● **Exercise brief**:
Retype the lines below exactly, but only those from the line that has "顔やお肌のUVケアはしている" through the line that has "Als Koch Paul". Omit every picture.

● **Recorded data**:
-=-=-
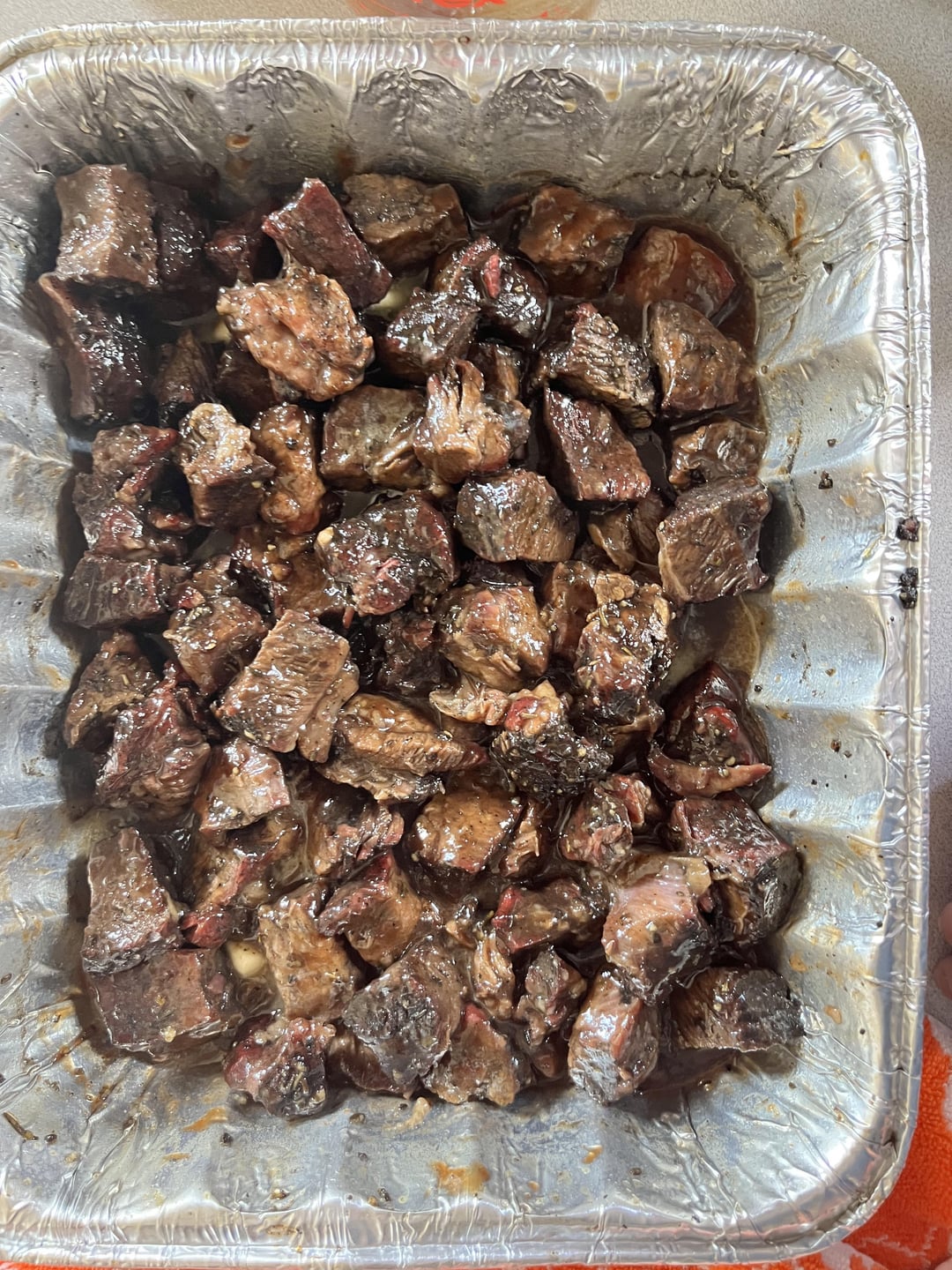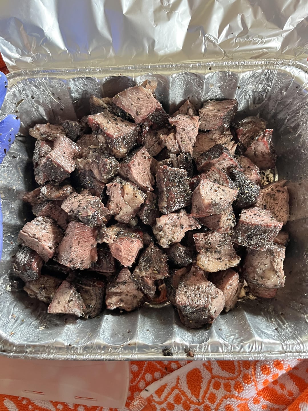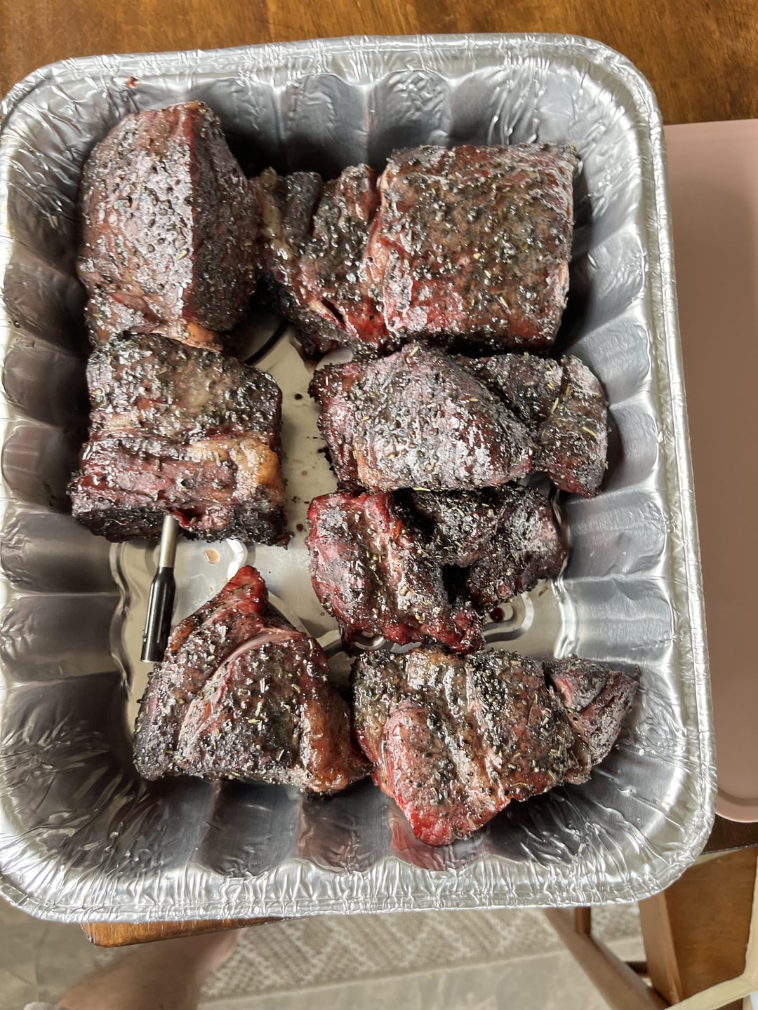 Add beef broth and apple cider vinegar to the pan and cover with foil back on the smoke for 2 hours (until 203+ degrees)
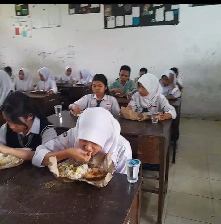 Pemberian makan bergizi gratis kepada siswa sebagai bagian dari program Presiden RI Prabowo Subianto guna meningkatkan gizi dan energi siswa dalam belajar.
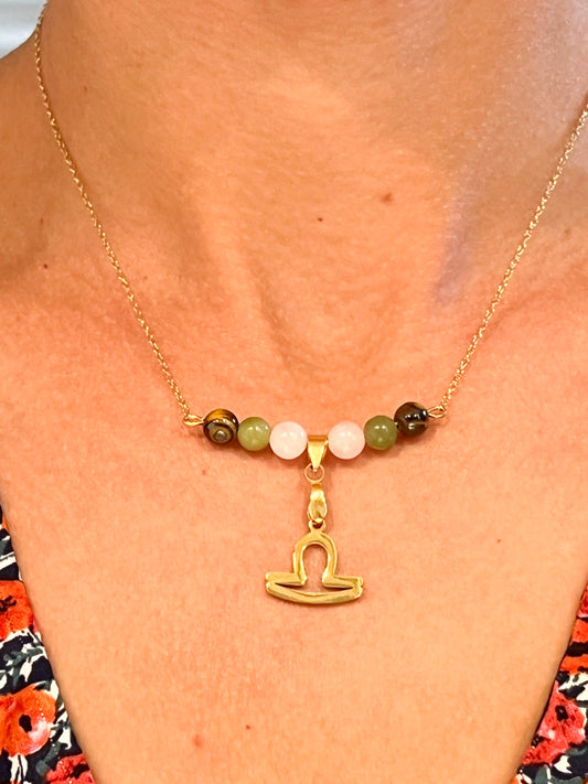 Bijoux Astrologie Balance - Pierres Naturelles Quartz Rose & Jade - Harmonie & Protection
-=-=-
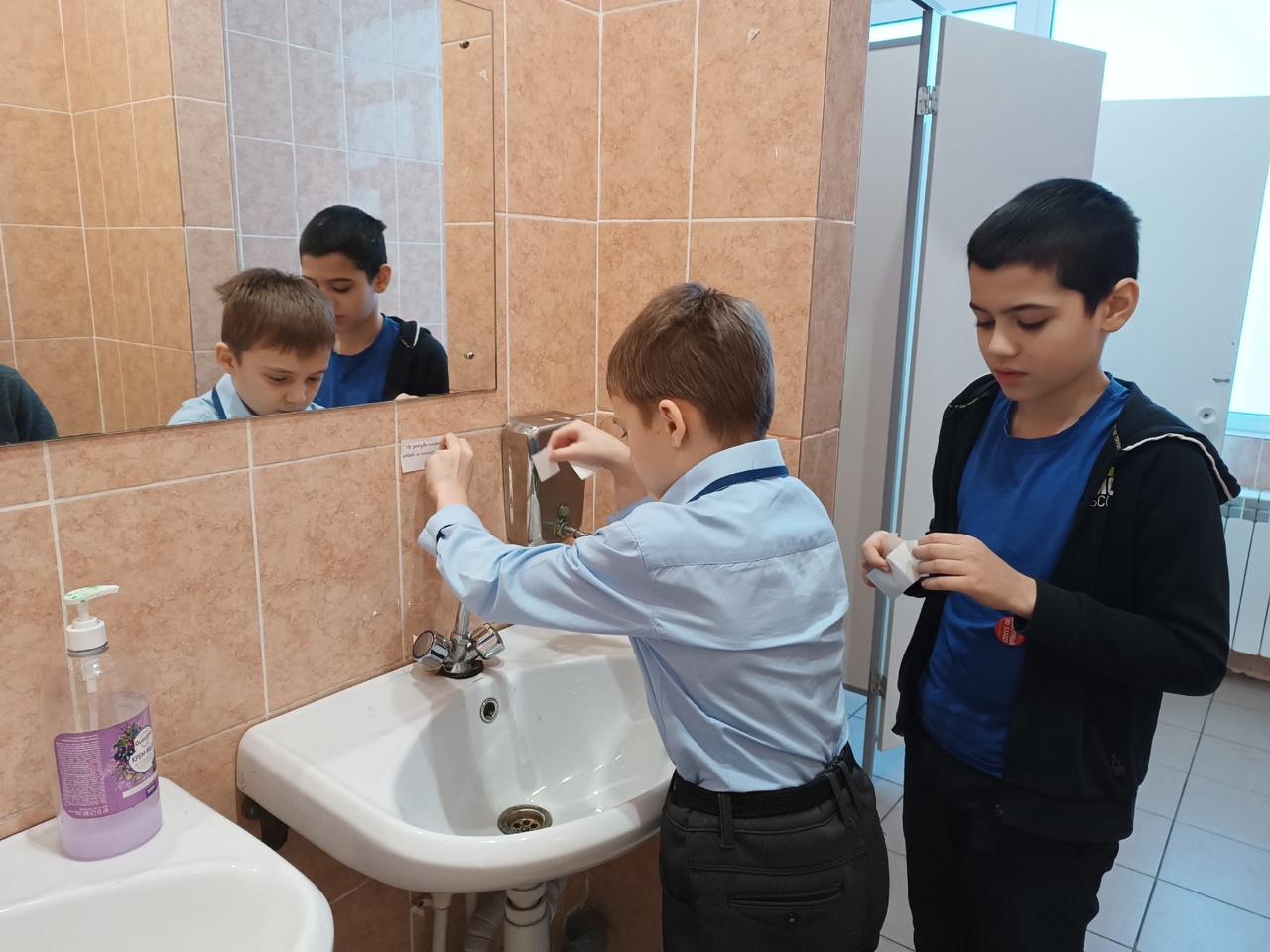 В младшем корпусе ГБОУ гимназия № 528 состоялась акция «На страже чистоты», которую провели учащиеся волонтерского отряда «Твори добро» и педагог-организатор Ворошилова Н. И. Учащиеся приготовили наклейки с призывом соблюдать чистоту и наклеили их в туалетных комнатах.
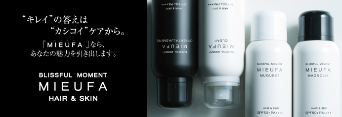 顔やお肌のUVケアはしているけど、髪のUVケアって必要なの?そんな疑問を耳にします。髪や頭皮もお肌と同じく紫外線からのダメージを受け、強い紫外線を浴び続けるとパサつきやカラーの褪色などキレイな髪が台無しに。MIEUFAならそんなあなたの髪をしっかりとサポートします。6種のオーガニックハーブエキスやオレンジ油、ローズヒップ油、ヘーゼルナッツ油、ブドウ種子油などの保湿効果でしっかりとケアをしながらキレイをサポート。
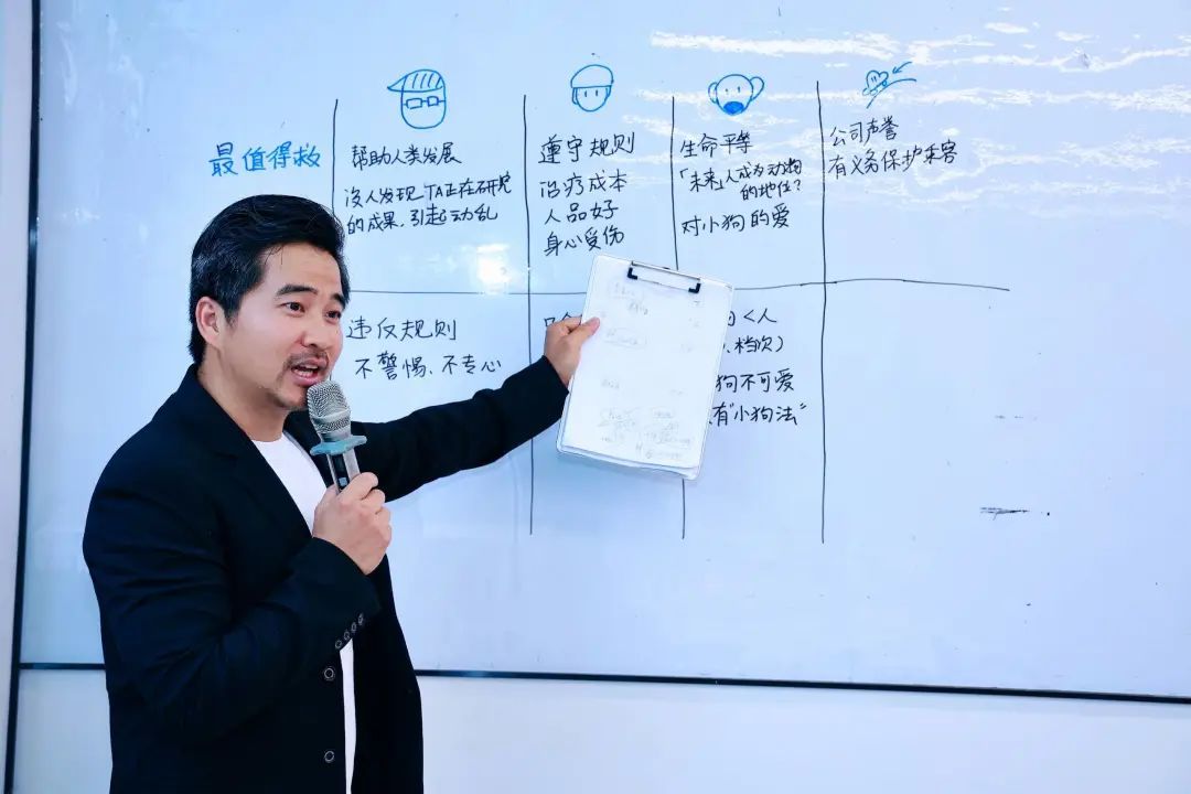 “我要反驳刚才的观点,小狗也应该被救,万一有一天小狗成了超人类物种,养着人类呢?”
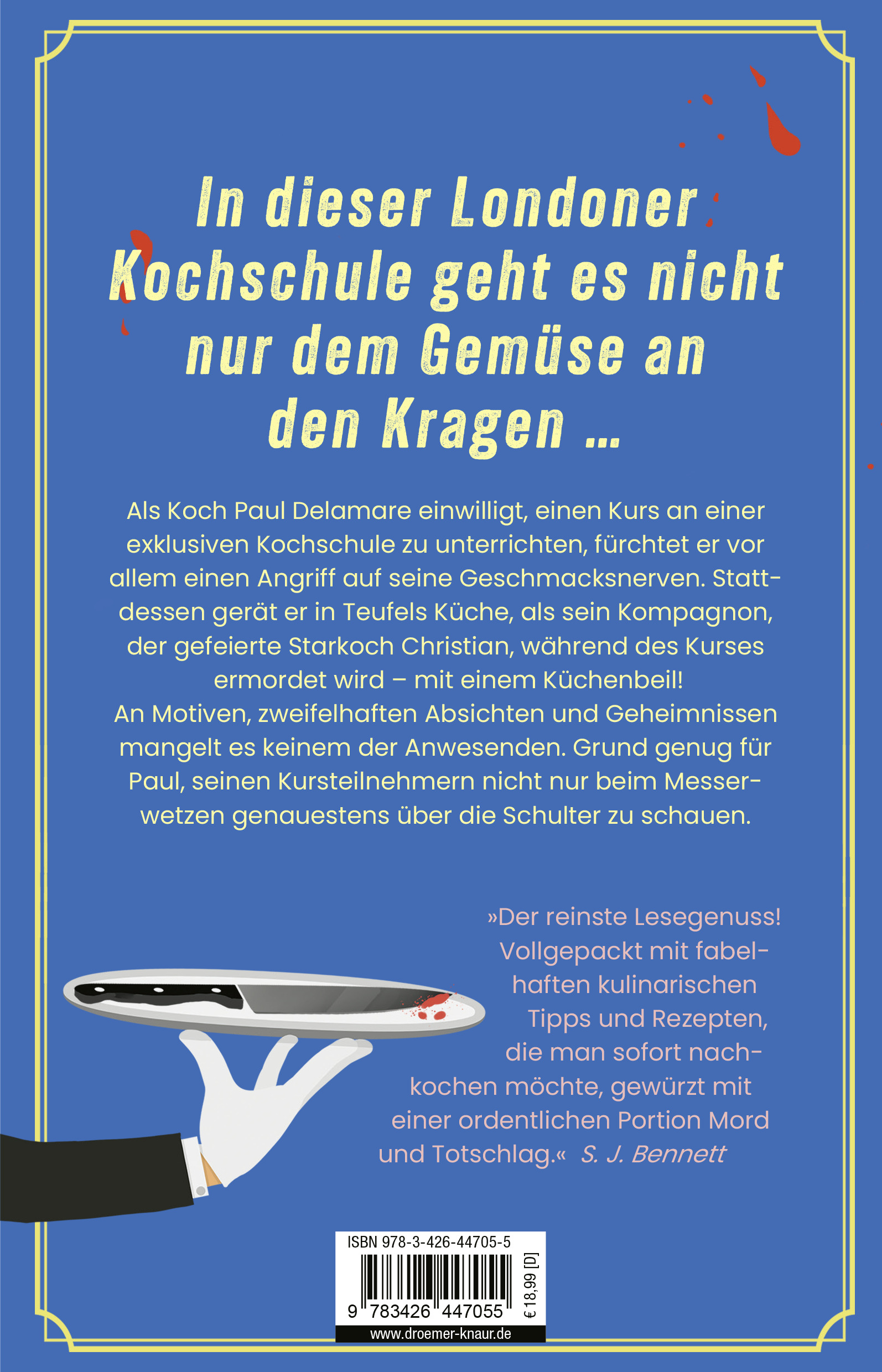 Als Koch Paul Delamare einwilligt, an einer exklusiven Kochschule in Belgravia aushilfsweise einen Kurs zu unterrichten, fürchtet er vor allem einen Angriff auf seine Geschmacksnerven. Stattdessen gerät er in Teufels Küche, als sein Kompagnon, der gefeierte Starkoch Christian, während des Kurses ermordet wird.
-=-=-
● **Written solution**:
 顔やお肌のUVケアはしているけど、髪のUVケアって必要なの?そんな疑問を耳にします。髪や頭皮もお肌と同じく紫外線からのダメージを受け、強い紫外線を浴び続けるとパサつきやカラーの褪色などキレイな髪が台無しに。MIEUFAならそんなあなたの髪をしっかりとサポートします。6種のオーガニックハーブエキスやオレンジ油、ローズヒップ油、ヘーゼルナッツ油、ブドウ種子油などの保湿効果でしっかりとケアをしながらキレイをサポート。
 “我要反驳刚才的观点,小狗也应该被救,万一有一天小狗成了超人类物种,养着人类呢?”
 Als Koch Paul Delamare einwilligt, an einer exklusiven Kochschule in Belgravia aushilfsweise einen Kurs zu unterrichten, fürchtet er vor allem einen Angriff auf seine Geschmacksnerven. Stattdessen gerät er in Teufels Küche, als sein Kompagnon, der gefeierte Starkoch Christian, während des Kurses ermordet wird.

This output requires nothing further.